== Data excerpt ==
------------------------

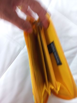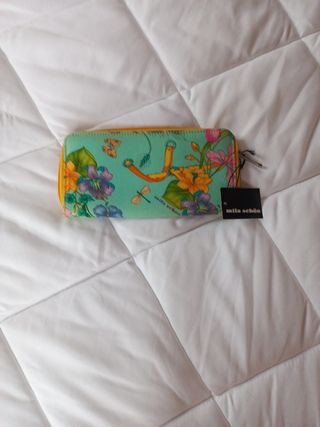 Vendo portafoglio nuovo, mai utilizzato, lungh.20xh.10.Colore azzurro/verde acqua. Leggera piega formatasi sul fondo esterno (vedi foto)marca MILA SCHÖN
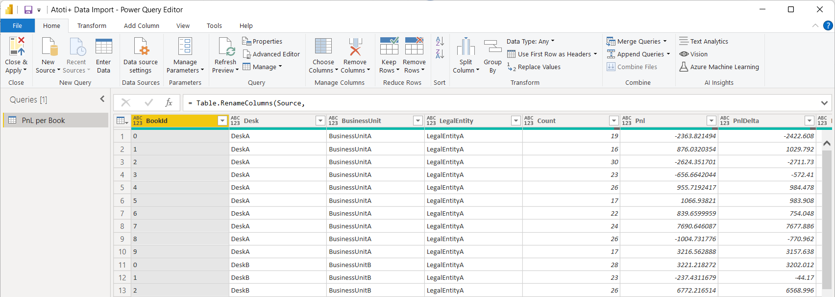 Power Query will connect to the Atoti+ cube, run the MDX query and present the result set to you. From that point you can use the Power Query features to rename, remove and reorder columns, or even filter some rows out and do other transformations. The MSOLAP provider returns fully qualified names for cube levels and measures, which you will probably want to rename into something more intelligible.
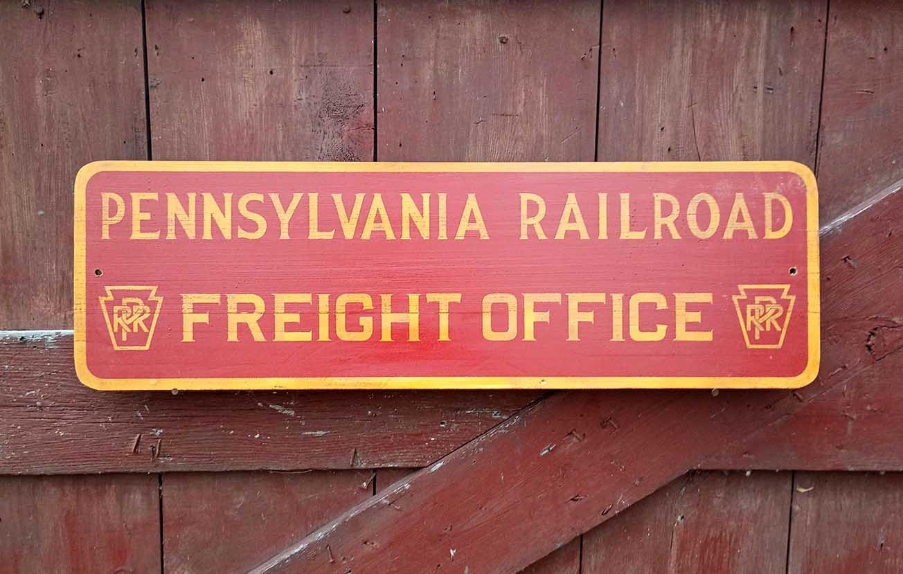 PRR Freight Office sign, made of reclaimed lumber.

------------------------

== What you are asked to do ==
Would you retype all the lines shown above, exactly as written and without any picture?

== Answer space ==
 Vendo portafoglio nuovo, mai utilizzato, lungh.20xh.10.Colore azzurro/verde acqua. Leggera piega formatasi sul fondo esterno (vedi foto)marca MILA SCHÖN
 Power Query will connect to the Atoti+ cube, run the MDX query and present the result set to you. From that point you can use the Power Query features to rename, remove and reorder columns, or even filter some rows out and do other transformations. The MSOLAP provider returns fully qualified names for cube levels and measures, which you will probably want to rename into something more intelligible.
 PRR Freight Office sign, made of reclaimed lumber.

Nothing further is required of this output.